Stored entries

☆ ☆ ☆ ☆ ☆

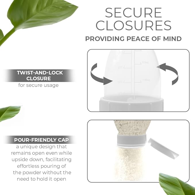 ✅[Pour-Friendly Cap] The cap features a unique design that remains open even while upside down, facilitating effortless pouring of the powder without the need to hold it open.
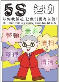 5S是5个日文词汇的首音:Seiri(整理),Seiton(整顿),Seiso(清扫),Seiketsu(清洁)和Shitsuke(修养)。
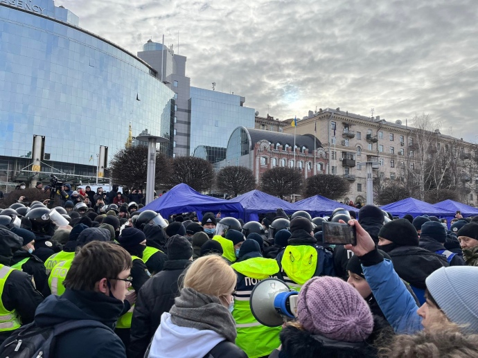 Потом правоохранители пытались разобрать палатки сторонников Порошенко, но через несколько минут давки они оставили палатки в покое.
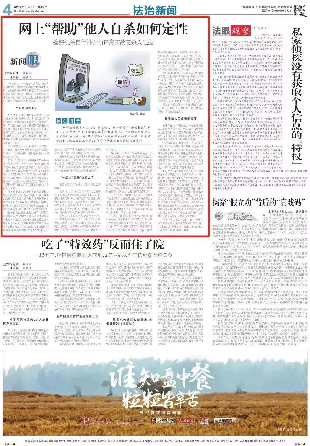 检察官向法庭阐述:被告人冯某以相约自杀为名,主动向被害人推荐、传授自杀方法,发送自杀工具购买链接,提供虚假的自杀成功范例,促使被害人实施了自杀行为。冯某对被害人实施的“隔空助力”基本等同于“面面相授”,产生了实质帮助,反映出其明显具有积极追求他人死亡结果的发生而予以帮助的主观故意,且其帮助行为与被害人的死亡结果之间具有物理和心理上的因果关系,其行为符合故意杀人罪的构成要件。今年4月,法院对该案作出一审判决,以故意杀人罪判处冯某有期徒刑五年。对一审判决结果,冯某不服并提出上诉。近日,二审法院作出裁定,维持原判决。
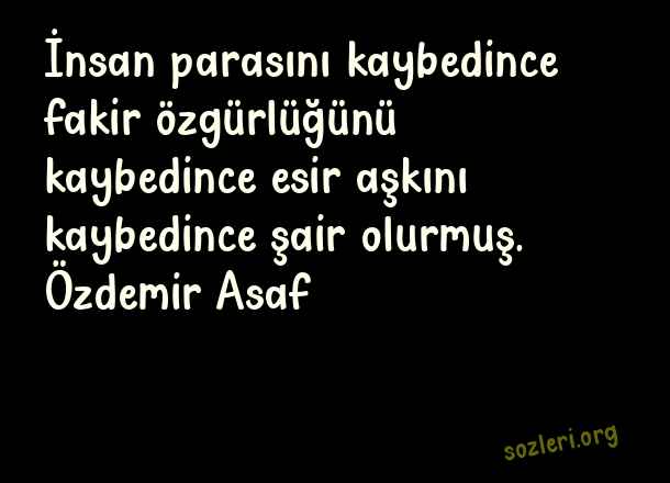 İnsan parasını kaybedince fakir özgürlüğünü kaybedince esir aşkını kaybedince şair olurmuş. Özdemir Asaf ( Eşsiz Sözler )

☆ ☆ ☆ ☆ ☆

== Exercise ==
Copy every entry exactly; drop the pictures.

== Solution to the problem ==
 ✅[Pour-Friendly Cap] The cap features a unique design that remains open even while upside down, facilitating effortless pouring of the powder without the need to hold it open.
 5S是5个日文词汇的首音:Seiri(整理),Seiton(整顿),Seiso(清扫),Seiketsu(清洁)和Shitsuke(修养)。
 Потом правоохранители пытались разобрать палатки сторонников Порошенко, но через несколько минут давки они оставили палатки в покое.
 检察官向法庭阐述:被告人冯某以相约自杀为名,主动向被害人推荐、传授自杀方法,发送自杀工具购买链接,提供虚假的自杀成功范例,促使被害人实施了自杀行为。冯某对被害人实施的“隔空助力”基本等同于“面面相授”,产生了实质帮助,反映出其明显具有积极追求他人死亡结果的发生而予以帮助的主观故意,且其帮助行为与被害人的死亡结果之间具有物理和心理上的因果关系,其行为符合故意杀人罪的构成要件。今年4月,法院对该案作出一审判决,以故意杀人罪判处冯某有期徒刑五年。对一审判决结果,冯某不服并提出上诉。近日,二审法院作出裁定,维持原判决。
 İnsan parasını kaybedince fakir özgürlüğünü kaybedince esir aşkını kaybedince şair olurmuş. Özdemir Asaf ( Eşsiz Sözler )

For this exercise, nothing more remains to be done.